The Doldrums

In older times, back when it was still being discovered and explored, the world seemed so much larger and full of mystery, and there were many dangers. Gradually, advances in technology erased the dangers for us. One of these areas of advancement was in our seafaring methods. While today, great ocean liners can battle their way through the roughest of seas, determine their exact location with the touch of a button, and even cut their way through massive ice floes at our global poles, there was a time when ships were not so unsinkable. Made of mere wood, and crewed by men who toiled day after day just to survive the cruel and changeable moods of the sea, these ships were not powered by great oil-guzzling engines. They had to rely on the wind and currents to get them where they needed to go.

There is an area near the equator, known now as the Inter-tropical Convergence Zone, where winds from the northern and southern hemispheres meet. This band that circles the Earth can often be seen as a series of thunderstorms, forming a waving line near or on the equator. The meeting of wind systems causes violent storms much of the time, but sometimes things calm down. The winds die out, the currents vanish, and all is calm, with flat sea as far as the eye can see. And in the olden days, this calm was a sailor’s worst nightmare. They called it the Doldrums.

Now you might think that with all the trials and tribulations of a sailor’s life, surely calm seas and good weather must be a welcome respite. But this was not the case. The Doldrums are a place of absolutely no wind. No current. The sea is dead there. And when you’re travelling in a boat that relies on wind or ocean current to move, and it is far to large to row (or get out and push), flat seas mean that you are stranded. And you can never tell when the weather might change. It might be only calm for a few hours, but sometimes it could last weeks, or even months. Sailors would starve, their supplies running out while they were trapped in limbo.

Now, I’m very sorry for such a long setup, but I wanted to give those of you who did not know about the Doldrums some context for this new stage in my life—my own Doldrums.

For the past month, I have been looking for a job. So far, I have had no luck. If I want to go out and do things, I need money to do so. But I can’t, because I don’t have a job. I need money for school, and I need money to do the things I want to do. I’d been hoping to live in Toronto this summer, but I couldn’t find a job there in time, so I had to move back home. This in and of itself is not so bad, but it has not helped me to feel like I’m moving ahead in my life—instead, it’s like I’ve taken a giant step backward, losing everything I’ve worked for in the past year.

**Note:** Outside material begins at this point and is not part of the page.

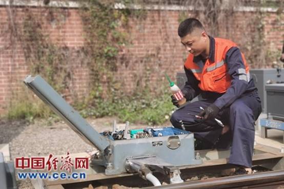 電務(wù)人員維修道岔轉(zhuǎn)轍機。中國經(jīng)濟網(wǎng)記者佟明彪/攝

It’s depressing, being stuck in one place, unable to move forward. The days grow monotonous and dull, and with every résumé I hand out, the feeling of utter hopelessness slowly settles its suffocating weight over my shoulders, pressing down on me. The pressure to find a job from my parents isn’t helping either. They keep telling me I’m not doing enough, but I don’t know what else to do. I’ve handed résumés to every business within walking and bussing distance of my house. I’ve filled out online job applications for everywhere else, and by this point I’m almost completely out of options, but still no one has called me back for an interview. I know my résumé is good, so that can’t be the issue here. I’ve been polite and friendly, and always asked to speak to the manager. It’s better to go straight to the head honcho—you’re more likely to be hired that way. Or at least, that’s what they tell me, though now I’m beginning to doubt that very much.

It’s hard to feel hope when you’re stuck. When you can’t move forward, and can’t move on to the next important thing in your life. It’s frustrating, and you can even feel trapped in a place that was once your own. So this post goes out to all of you who are in the Doldrums as well. We must have hope. The job market is shaky, but we have to keep believing that things will pick up. We will get that call back for an interview, and we will ace it. We’ll find our summer jobs and work hard. The winds will change. I’m sure of it.